The Journeys DSL represents a careful balance between model capabilities and human-readable specification. The design philosophy involves meeting models where they are versus forcing new abstractions. For example, coding agents excel at file systems, Git, and grep, so Sierra materializes structures into these formats to leverage existing model strengths. However, for truly novel concepts specific to customer experience orchestration, Sierra invests in making models proficient through context engineering and fine-tuning. The team estimates this split at roughly 80% meeting models on their turf and 20% teaching models Sierra-specific concepts.
Ghostwriter has dramatically changed the learning curve for building agents. Users can describe high-level goals like orchestrating order returns, flight booking, or primary care referrals to specialists, and Ghostwriter already understands these concepts as an expert in Journeys. Critically, Ghostwriter writes Journeys directly rather than code, allowing users to inspect and understand the output. Teaching models the Journeys format has proven surprisingly tractable despite not being in training data, through careful prompt engineering and context injection.

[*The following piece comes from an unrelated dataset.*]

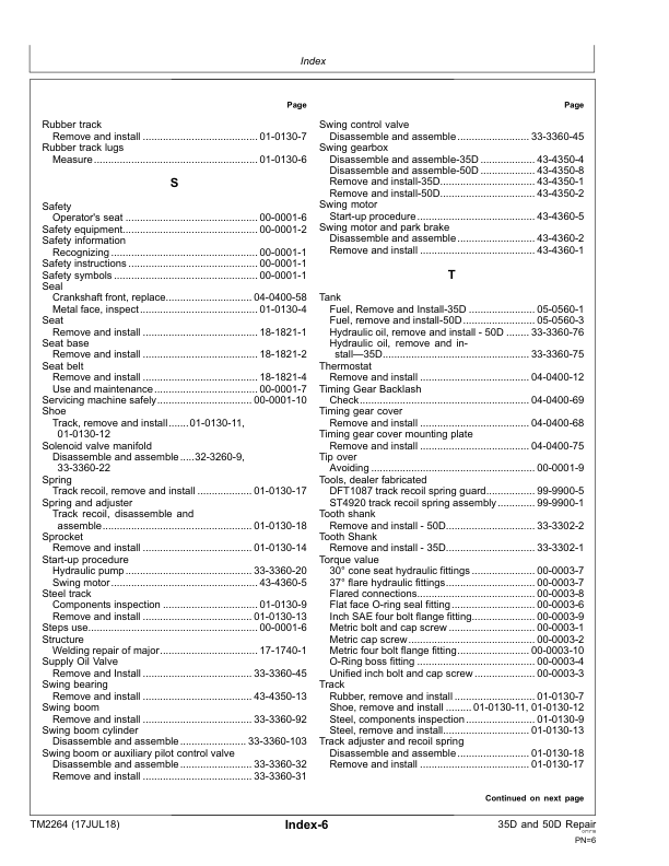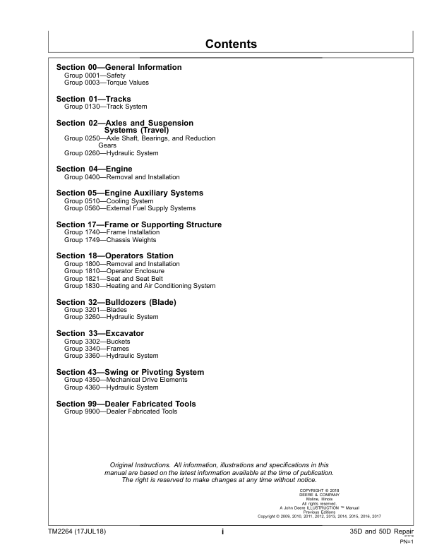 John Deere 35D 50D Excavator Repair Manual TM2264

Sierra’s approach to model orchestration represents sophisticated multi-model coordination. A typical conversation turn involves approximately one-third frontier model calls, one-third classifier models, and one-third speculative execution particularly for voice. Frontier models handle the bulk of reasoning but typically in only one or two inferences per turn. The remaining calls handle tasks like knowledge retrieval, classification, and preparatory work to maintain low latency.
The platform maintains deep modularity across model providers, driven both by technical requirements and capacity planning. No single provider leads across all dimensions, particularly for voice capabilities including transcription, synthesis, and native voice-to-voice models. Sierra can multi-home providers for any language, customer, or use case. This modularity proved essential during high-traffic events like Black Friday and Cyber Monday when capacity becomes the limiting factor. Load tests have simulated concurrency levels that would represent billions of annual conversations.

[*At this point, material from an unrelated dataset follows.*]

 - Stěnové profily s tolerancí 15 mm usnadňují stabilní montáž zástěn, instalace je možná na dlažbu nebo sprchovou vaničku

A concrete example of model ensembling involves transcription for thick UK accents from northern regions. One model delivers the highest quality transcription but hallucinates during silence more than others. Sierra runs two models in parallel: if the first model indicates silence, it’s trusted; if not, the second model is trusted. This type of optimization would be impossible with a single-provider approach or without parallel execution capabilities.

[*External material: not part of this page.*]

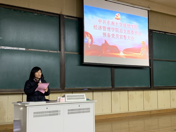12月27日中午,太阳成集团tyc33455cc官网党总支在华馆101举行预备党员入党宣誓仪式。学院党总支成员、各学生党支部书记及2021年新党员参加会议。宣誓仪式由党总支组织委员程希羲主持。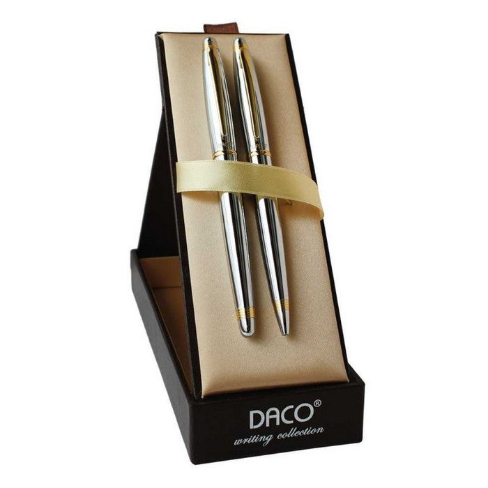 corp metalic argintiu cu ornamente aurii, stilou cu patron de cerneală, peniţă iridium; pix cu mină tip Cross

The platform supports switching between model providers with relatively low friction when models are at comparable intelligence levels. The primary challenge lies in ensuring evaluations are robust enough to validate equivalent performance. Teams have discovered that attempting to switch models often reveals evaluation gaps, prompting eval improvements that strengthen the overall system. Changes during model switching primarily involve prompt adjustments to accommodate model-specific quirks, though tool availability may also constrain which models can handle specific tasks.
Voice represents one of Sierra’s most sophisticated technical achievements and accounts for the majority of Sierra conversations. The voice architecture looks fundamentally different from standard agent harnesses due to extreme latency constraints. Users expect responses within one to two seconds, otherwise they wonder if the connection is lost. This requirement has driven extensive parallelism throughout the system.
One major unlock involved parallelizing thinking, listening, and talking as separate concurrent processes. While listening, the agent begins thinking about potential responses. While talking, it continues listening for interruptions. This mirrors human conversation more accurately than sequential processing. Sierra has also invested heavily in progress indicators, where the agent says things like “hang on a second while I look up your account” to maintain engagement during longer operations.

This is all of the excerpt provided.